REQUIRED ACTION: Beginning with the first line, retype exactly the records below up to and including the line with "A letter from"; pictures do not belong in the copy.

Excerpts from a dataset
--------

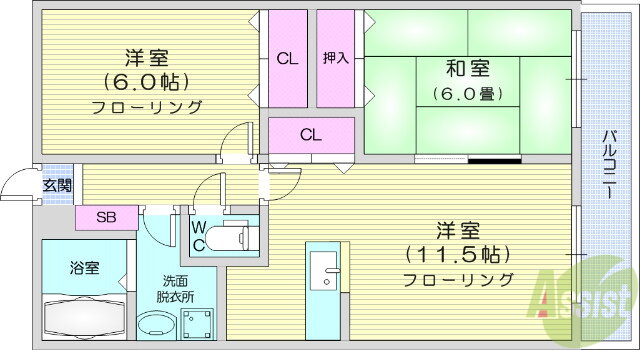 | 間取り | 2LDK(和6 洋6 LDK11.5) | 築年月(築年数) | 2002年4月(築23年9ヶ月) |
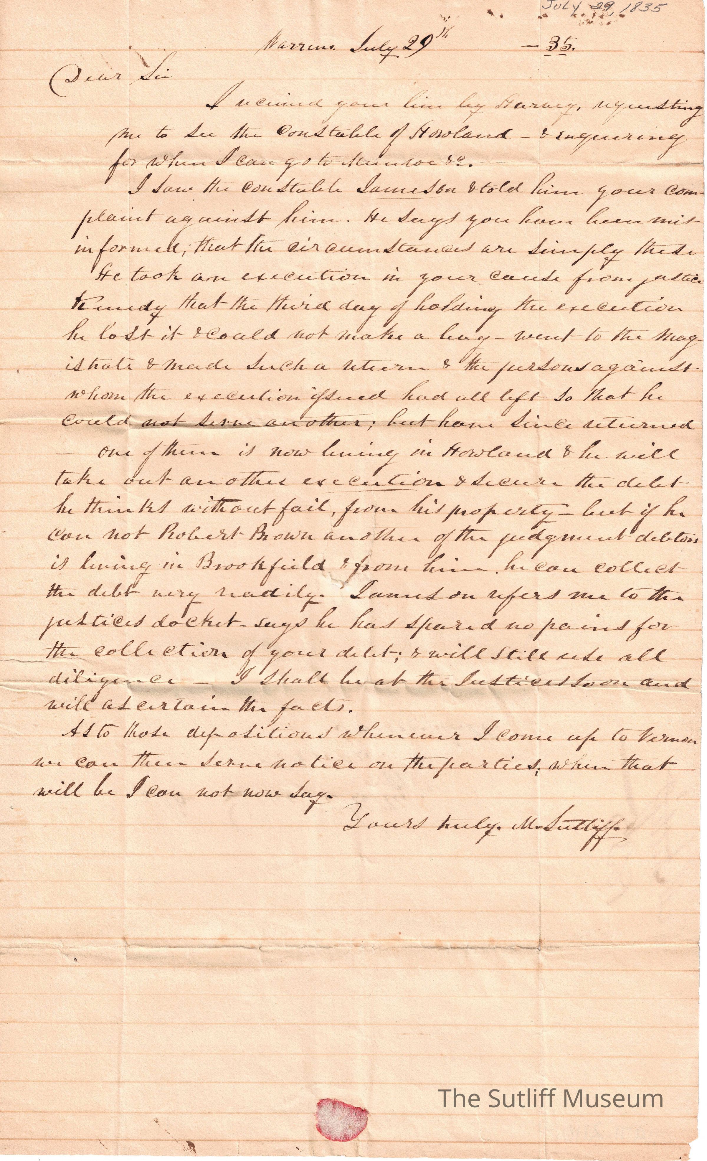 A letter from Milton Sutliff to Levi Sutliff regarding updates on the Constable and legal matters.Collection
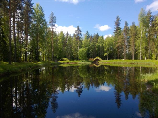 "Min favoritrunda på 16km. Hade med mobilen och lyssnade på musik när jag sprang, underbart sätt att uppleva naturen på. Stannade vid en tjärn där en lite koja ligger och tog denna bilden"
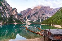 Houten boten langs de oever van de Pragser Wildsee, het Braies-meer, in de prachtige Dolomieten van Zuid-Tirol, Italië
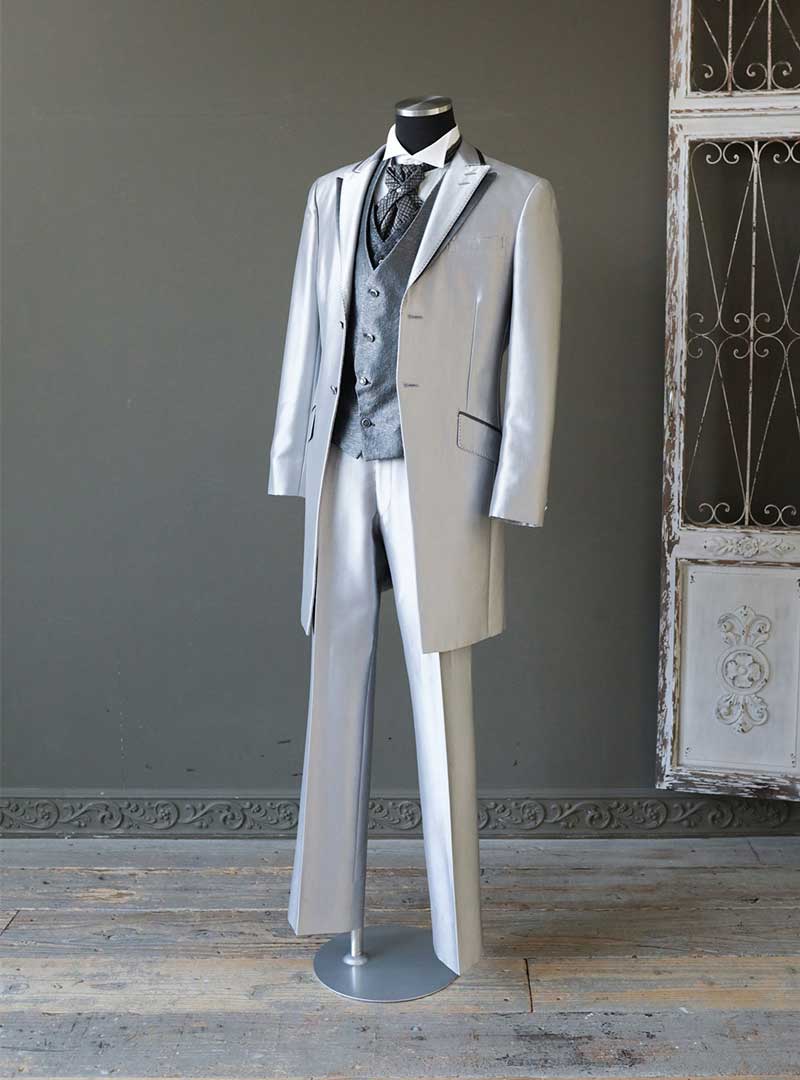 ジャケットのVゾーンを高めにしたことで足元を長く見せるロングタキシード華やかな光沢感を持つ素材を使い、ラペルやベストにブラックを入れる事でシックな印象にまとめました。2連のベストがシンプルな中に華やかさを加味してくれるので、地味すぎず派手すぎないバランスの良い1着。花嫁様のどんな衣装にも合い王道がお好きな方におすすめです。LLサイズで高身長さんにもお召しいただけるタキシードとなっております。
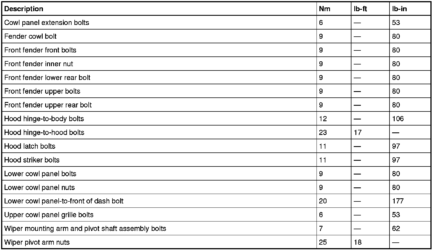 Torque Specifications
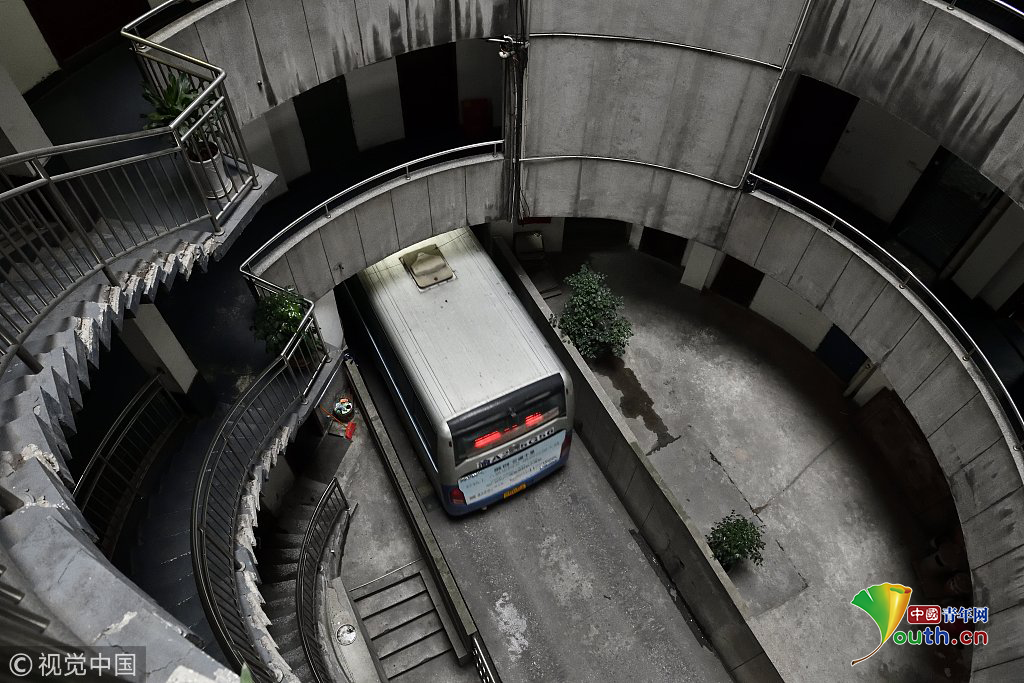 探秘重庆魔幻八层圆筒型转转楼 公交车穿其而过

--------

SOLVED PROBLEM:
 | 間取り | 2LDK(和6 洋6 LDK11.5) | 築年月(築年数) | 2002年4月(築23年9ヶ月) |
 A letter from Milton Sutliff to Levi Sutliff regarding updates on the Constable and legal matters.Collection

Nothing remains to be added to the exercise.